It was only a few weeks ago that I was in the middle of a remote village in Nicaragua, standing and watching the man of my dreams play soccer with local children. The sun was scorching, the mosquitoes buzzing, and the smell of cow dung was potent. As I looked around the open field, I thought to myself, “This is NOT the fairytale dream life I had manifested.”
I had arrived in Nicaragua three months earlier full of energy, ready to love, and to be loved. I had finally reunited with the man who had changed my life, and I was ready for us to come together to positively impact the world.
That being said, I had never experienced living in such remote conditions, and the only volunteer experience I had, involved writing a check. I was anxious, nervous, and also excited to find the new ways I would stretch my comforts, and to really see why the man of my dreams loved this life so much.
My ‘MAN’ifestation, who was no stranger to getting his hands dirty, took the lead in finding us a place to live, a means of transportation, and connected us with a community where we would volunteer twice a week for the next four months. Week after week the El Remate and Ajal children eagerly awaited for our arrival to teach English, practice yoga, and play games. I quickly learned that effective volunteering is about consistency. Even on days I felt miserable, I had no choice. I needed to show up not only for the kids, but because there were also 14 people coming to Nicaragua on an upcoming retreat, and I was the bridge to their experience.
The beach was terribly quiet. The loudest sounds I heard came from the demons of fear, anger, and negativity that lived in my mind. I was bored, so naturally I questioned every decision I had made in the last 6 months.
The light and excitement I felt about going to Nicaragua was far-gone. I single handedly allowed my purpose, and the thrill of the adventure to slip away.
I couldn’t find happiness in my day-to- day life. My yoga practice suffered. My relationship suffered. My mental health suffered.

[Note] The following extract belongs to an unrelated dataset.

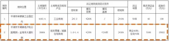 9月29日,平湖再次出让两宗地,其中一宗为工业用地,位于林埭镇工业园区;一宗为批发零售、城镇住宅用地,位于平湖市乍浦镇老沪杭公路南侧、金海洋大道东侧。该2地块现场竞价时间为2017年10月30日15:30时。

Then after 3 months of going through an emotional whirlwind it was time to lead 14 eager volunteers through an epic Nicaraguan adventure.

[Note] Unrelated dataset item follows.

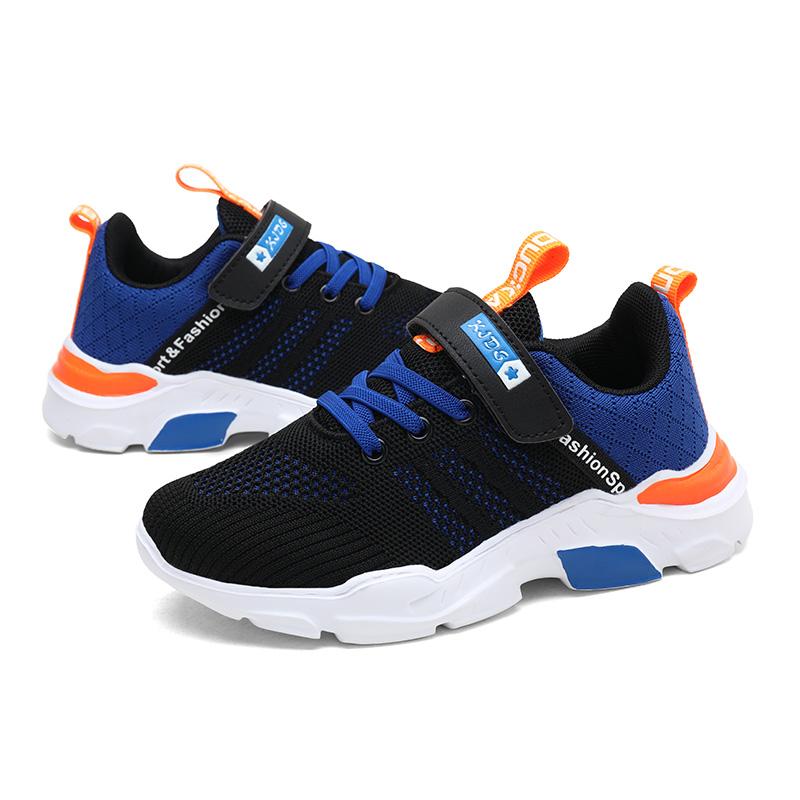 Детская противоскользящая износостойкая модная уличная летающая тканая спортивная обувь с низким вырезом для мальчиков 35 синий/чёрный

All the tears and hard work had come down to the next 10 days. I was angry, frustrated, broken, and confused. How could I possibly guide people through an experience that I had not enjoyed? How could I show them the beauty of a country when I didn't see that beauty? How could I ask them to open their hearts and embrace the children of the villages when my own heart had never fully opened? I had very little light inside me to give.
I did the only thing I thought I could do; I put my pride aside and confessed my struggle to the group. I asked them to help me see Nicaragua through their eyes. I asked them to share with me their light and their love.
Living remotely and doing work I had never done, broke me down in such a way that even now, several weeks after leaving Nicaragua, I am still mending my shattered spirit.
If you asked me now, I still don't know if I would ever revisit Nicaragua. I don't know if I could ever live in such remote conditions. I don't know if I am equipped to handle volunteer experiences like the one in the Nicaraguan Villages.
I do know now that living in Nicaragua forced me to confront the darkest parts of my soul.
Here are some other life truths I've learned from living in Nicaragua.
1. It's ok to speak your truth.
When I came clean to the group about my struggles in Nicaragua it alleviated the pressure I was feeling. I no longer needed to pretend that I loved every moment of the experience. Sometimes when you speak your truth, you realize that others may also be feeling the same way.
2. Having expectations is like creating a roadblock for your life's miracle moments.
I expected Nicaragua to look, feel, and be a certain kind of experience. I expected myself to be and become a certain woman in Nicaragua. I never allowed the miracle moments, the unexpected surprises to reveal themselves because of my unrealistic and limiting expectations.
3. Losing control will make you lose your mind.
No matter how much you’ve seen or done or how many life experiences you've had, you can be brought to your knees when you feel scared, out of your element, and out of control. I had to allow life to bring me to places, people, and experiences I may have otherwise never come across. I had to allow myself to lose control.
4. Getting what you wish for is different than getting what you need.
The dream life I manifested didn't look like the Nicaraguan reality I was living. But what I was needing in my life, more than what I was wanting, was a moment to look in the mirror and really examine who I was becoming and how I was going to get there. In Nicaragua I could no longer run and hide from the woman in the mirror.
5. Misery does NOT love company
Just because you are drowning in your own despair, you cannot pull others down with you or expect them to suffer on your behalf. Those that love you will hold your hand when you're crying and confused. But NO ONE, not your boyfriend, your best friend, or even your mother, can save you from you.
*Bonus lesson from my beautiful friend Kelly-Ann
6. Success is relative
When my entire life changed and I was struggling to find my new identity, I had to redefine what success meant to me. I wanted to fit in to my new role, do purposeful life-changing work, and make money. When things didn't exactly happen that way, I felt like a failure. I’ve learned that I need to measure my success not in how much money I'm making or how much praise I'm getting for my work, but in how many miracle moments of love and happiness I can experience daily and share with as many people as possible.